Freaky does attempt to set its filmic world in modern times, using a more tongue-in-cheek tone, and including a more diverse array of characters than slashers usually do. However, the comedic elements seem to be slightly restricted by the fact that the body-swap genre doesn’t mix as intriguingly with the slasher as the time loop did. Happy Death Day was enhanced by having our character die at the hands of our killer multiple times before she pieces the mystery together, always waking up at the start of the same day. In Freaky the genre mash seems to restrict our characters and potentially original situations. Instead, Landon gets hung up on stale character development regarding Millie’s dead father, which is so poorly written, the dialogue feels written by a robot.
Landon’s forte has never been in providing an emotional dimension to his stories. The romance in Happy Death Day was not very believable and yet viewers went along with it thanks to the fun aspects of the rest of the film. In Freaky the more entertaining aspects come only in short-spurts before the pace is ground to a halt as Landon attempts to craft character moments. The result is a rather slow film to watch, which sticks close to tired tropes of its genres instead of ridiculing them as viewers would want.

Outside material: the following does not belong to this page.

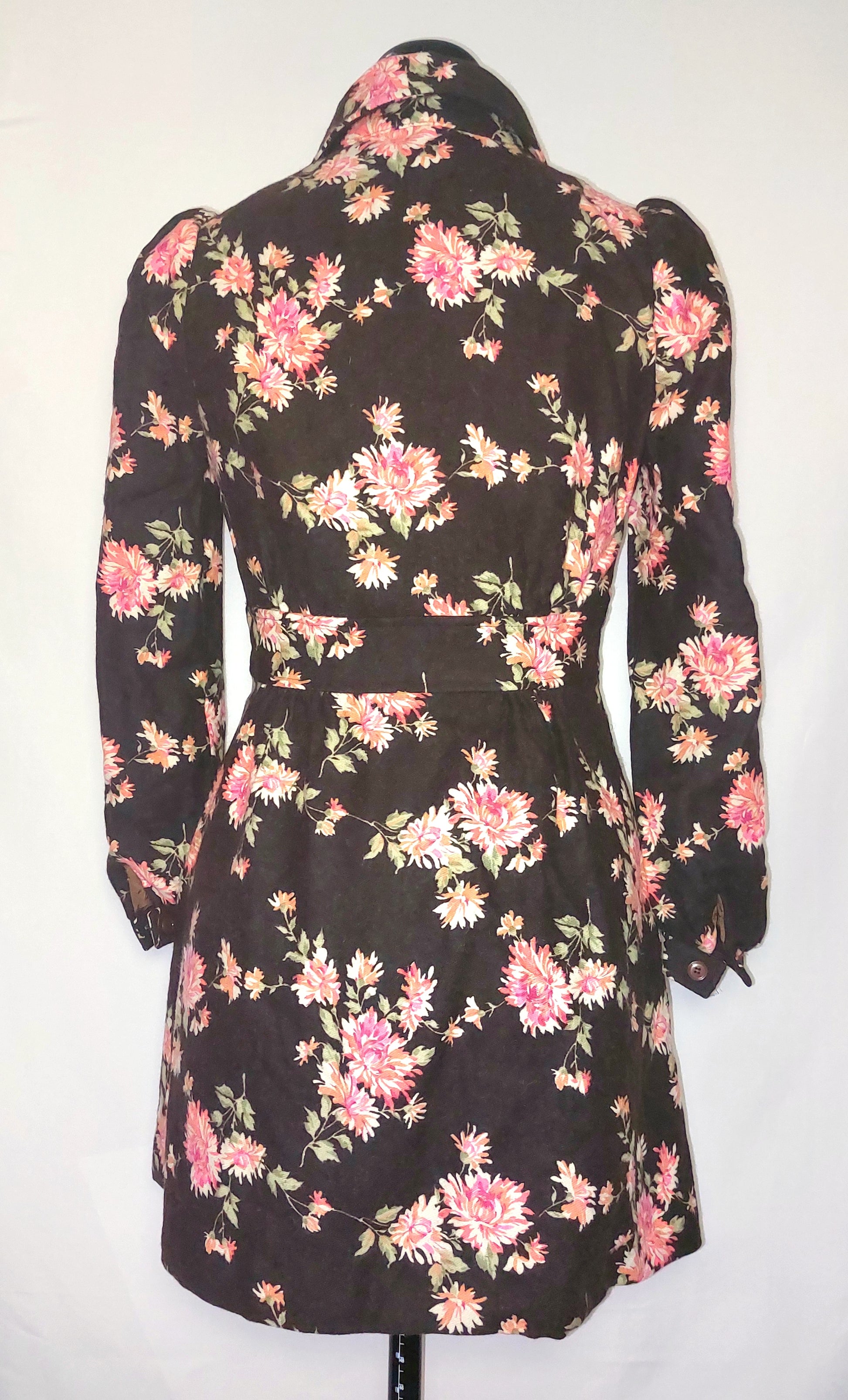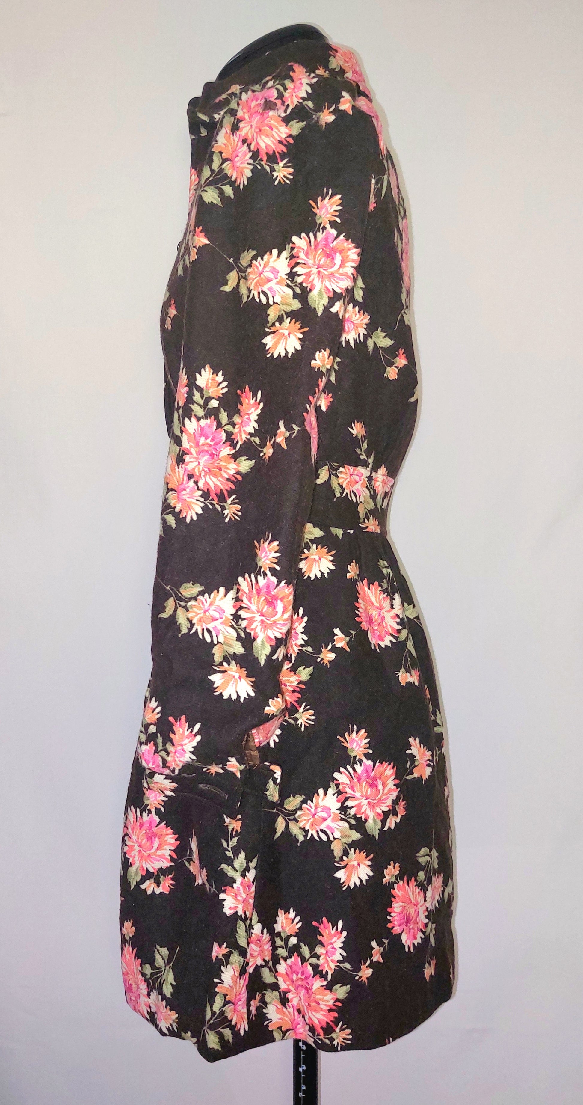Fit and flare design. Round edge collar. Long sleeves. Button down. Fully lined.

The film is able to cast two great performers for the body-switching roles. Kathryn Newton gets her most high-profile role yet, after bit parts in Big Little Lies (2017-2019) and Pokémon Detective Pikachu (2019). I’m glad to see that the young American actress has more range and capabilities to share onscreen and I look forward to seeing further work from her. She was certainly able to sell the shyness of her character at first and then embody the cool indifference of the killer. Vince Vaughn was also incredible, proving to be the essential comedic element when he has to perform as Millie. Vaughn committed himself surprisingly to the role, proving that he is capable of more other than his signature deadpan delivery. I would wager to say that this role is perhaps the best comedic acting from Vaughn in his career.
In the end, Landon’s twist and mixes of genres stumbles with Freaky. His concept is original enough, but he isn’t able to expand or connect the strengths of each genre or propose comedic commentary as he did with Happy Death Day. The result is a slightly more predictable and slower film, which is slightly enhanced by some strong leads.